Charlotte Higgins blogs in The Guardian
Paul Cartledge,
the first ever professor of Greek culture at the University of Cambridge,
aims to promote the public understanding of the Greek world
If
Mary Beard is
Cambridge University's doyenne of ancient Rome, a vigorous promoter
of the understanding of Roman culture and history and a brilliant blogger,
Paul Cartledge does
a similarly effective job for the Hellenes (bar the blogging). The
author of many scholarly and extremely approachable books (I recommend
The Greeks: A Portrait of Self and Others,
but there are many more), not to mention an adviser on the swords-and-sandals
film 300 ,
Cartledge has just been made the first AG Leventis professor of Greek
culture at Cambridge, and yesterday I popped over to hear his inaugural
lecture (to be podcast in due course, and published in old-fashioned
print). I nearly fell off my chair when I read the bibliography on
the lecture handout – among Eagleton T, Leigh Fermor P, Osborne
R and Scruton R, sat proudly Higgins C,
although as I suspected I was there to provide at least partial evidence
for the perpetrating of various "myths" about ancient Greece which
he then took care to take apart.
These myths numbered four.
First, that there was any such thing as "ancient Greece". (I am certainly
innocent of peddling this one.) Cartledge has been at the forefront
of classicists' growing understanding of the cultural diversity of
the poleis (city states) of the ancient Greek world, which numbered
over 1000, and were dotted over a wide area from Marseille in the west
to modern Turkey in the east. Though united (according to Herodotus),
by religion and language, they had different customs, political systems
and even calendars – and only a handful of them united against
the Persian empire in the 480s BC.
Second, that the Greeks were technologically backward (I also plead
innocent, but only because I made no claim either way). They may not,
according to Cartledge, have had a word for wheelbarrow - but they
certainly invented the amazing Antikythera Mechanism,
object of much recent research and excitement from classicists and
scientists alike.
Third, that the ancient Greeks resemble their Hollywood impersonators
(not guilty, or not entirely - I do point out that the Spartans didn't
wear leather knickers like they do in 300). Cartledge was fairly uncompromising
on this one. Such movies, he said (despite his own involvement in 300) "can
be dangerous as well as enjoyable and provocative. They can pander
to or influence cultural attempt or hatred." He thought the Iranians
were right to see 300's depiction of the Persians as "an example of
cultural denigration".
Fourth (probably a bit guilty), that the Greeks invented democracy
in anything like the way that we recognise it now. Radical democracy
was government by, for, and crucially of, the people, unlike our modern
representative democracies. Ancient Athenians would probably have regarded
the British and American political systems as oligarchic.

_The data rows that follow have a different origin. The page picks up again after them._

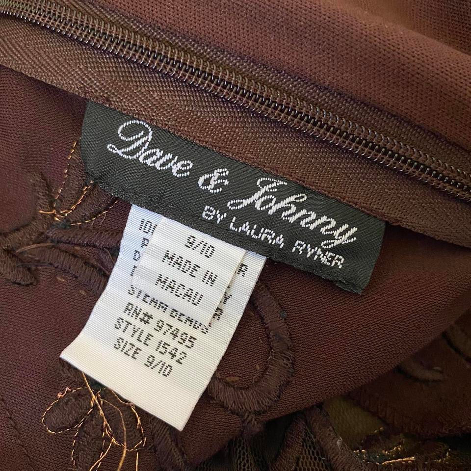 Brown stretch evening dress gown with floral lace detailing to the back & bust, a sheer trail & back & a zip up the side UK 12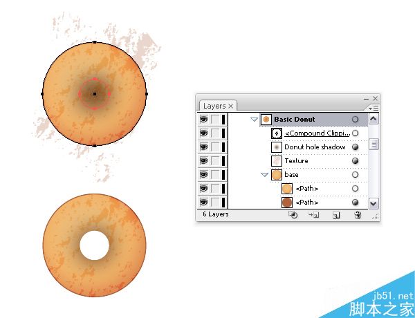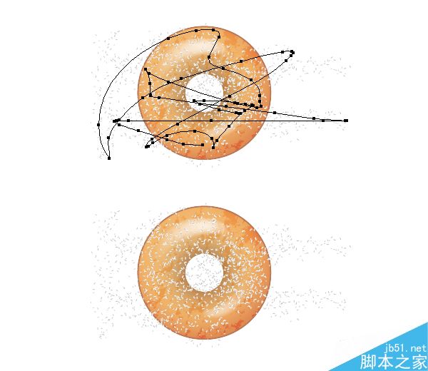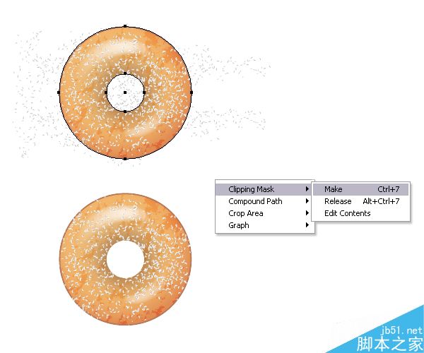 在这一步,我们应该清除额外的甜甜圈撒子,但是这次它们太多了,因此我决定使用遮罩代替。 抓取复合路径的一份拷贝,这是你之前使用作为基本甜甜圈的遮罩,确保这个形状在所有形状的前面,然后转到对象>排列>置于顶层(Shift-Control-])。 现在,选择2个描边路径和复合路径(无填充,无描边),并转到对象>剪切蒙板>建立(Control-7)。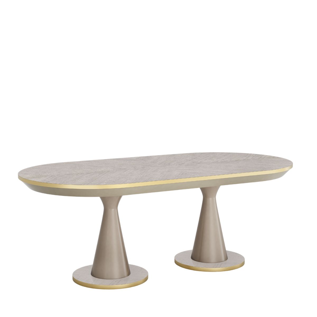 The 6003 FRIDA is an oval table featuring a veneered top in natural eucalyptus and lacquered bases in sand or ice finishes. Gold leaf decorations add a touch of luxury to your decor. Contemporary design and customization options characterize this table. Discover the other furniture pieces in the CLIZIA collection for a complete, refined, and elegant interior. For an even more modern touch, we invite you to explore our 6004 table and the 6005 console.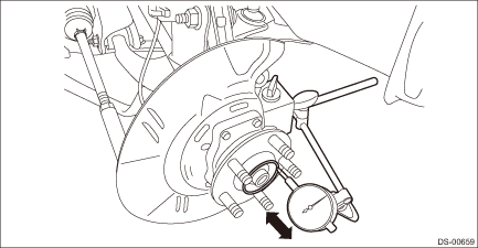 (2) Using a dial gauge, check the axial looseness. Replace the hub unit bearing if looseness exceeds the limit.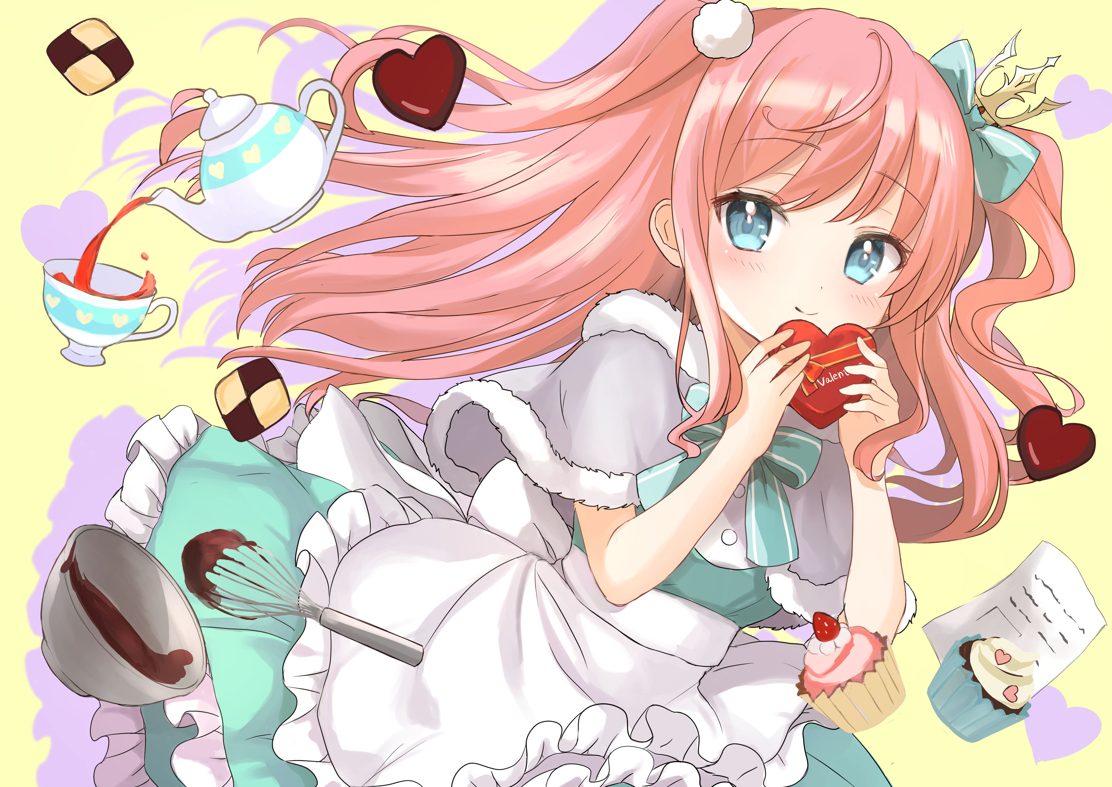 1girl absurdres apron blue_eyes blush bow bowl box boxcutter candy capelet checkerboard_cookie chocolate chocolate_heart cookie crown cup cupcake dress food frilled_dress frills fur-trimmed_capelet fur_trim hair_bow hair_ornament heart heart-shaped_box highres holding holding_boxcutter long_hair looking_at_viewer mini_crown original paper pink_hair pom_pom_(clothes) pom_pom_hair_ornament pouring recipe_(object) ribbon smile solo tea teacup teapot two_side_up valentine waist_apron whisk yaminabe_(szhal14)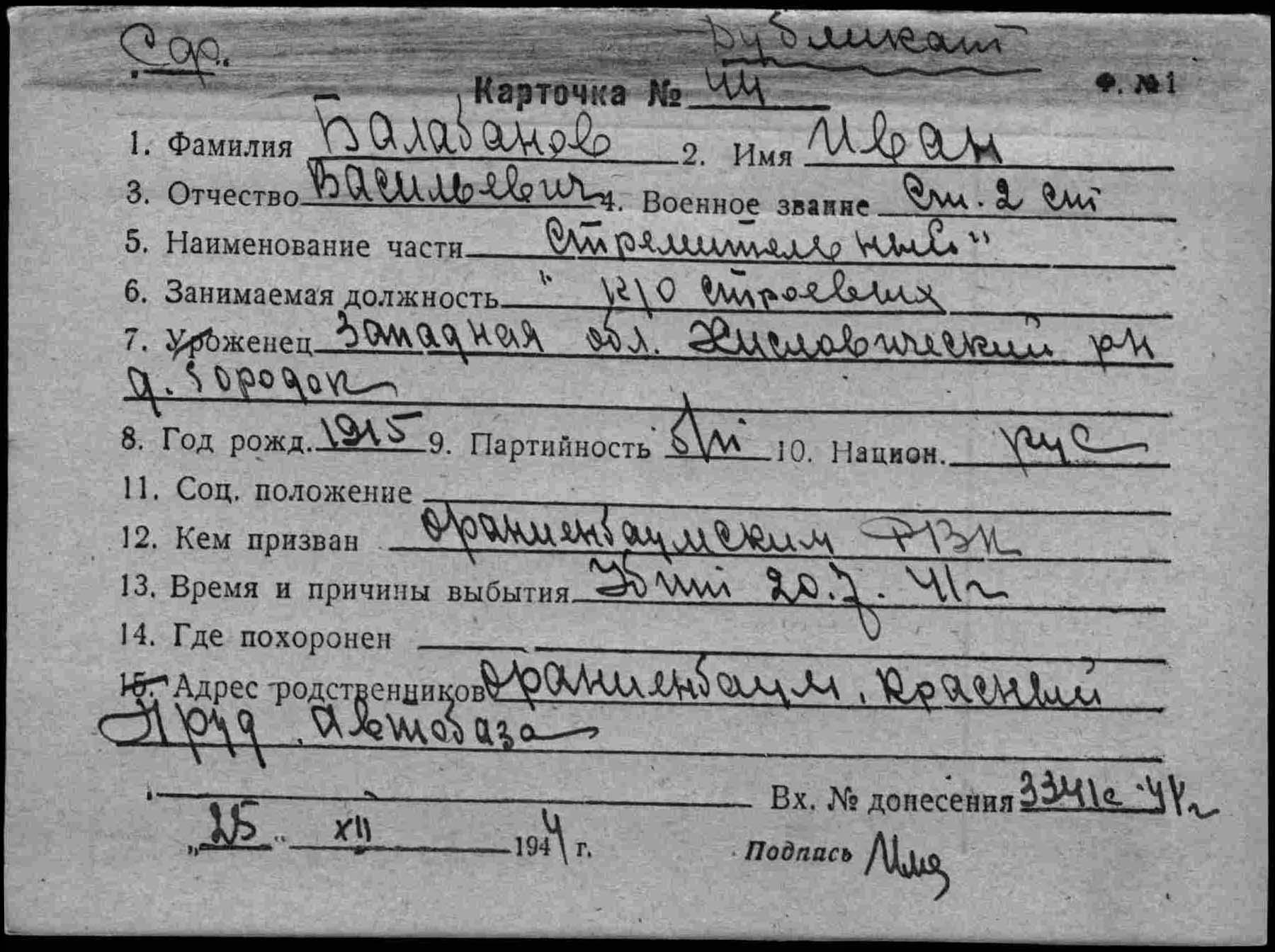 Название источника информации Картотека безвозвратных потерь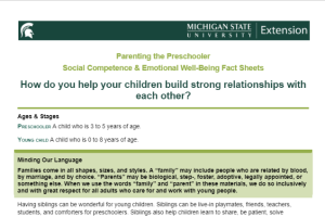 A fact sheet teaching parents how to help their children build strong relationships with each other. -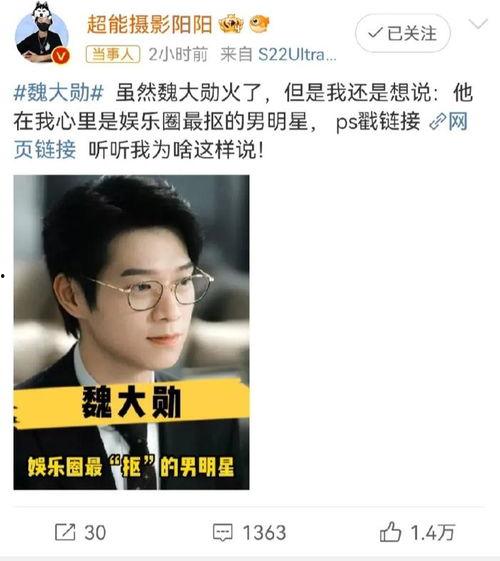 话说那天,魏大勋在直播间里和粉丝们互动得正欢,突然,他无意间透露了一个惊天秘密。这个秘密一出来,瞬间引发了网友们的热议,大家纷纷跑到网上去寻找那个视频,想要一睹为快。

All good stuff, but my favourite part was when he pointed out that
the Greek word "borborygmos" has been excluded from the new Ancient
Greek-English Lexicon being
prepared in Cambridge. Since none of the assembled classicists at last
night's lecture seemed prepared to tell me what this word meant, I
had to email Prof Cartledge today, who replied that it refers to an "ominous
rumbling in the bowels", a precursor, frankly, to a fart. Which proves,
ladies and gentlemen, that you learn something new every day, particularly
if you happen to make a visit to Cambridge university.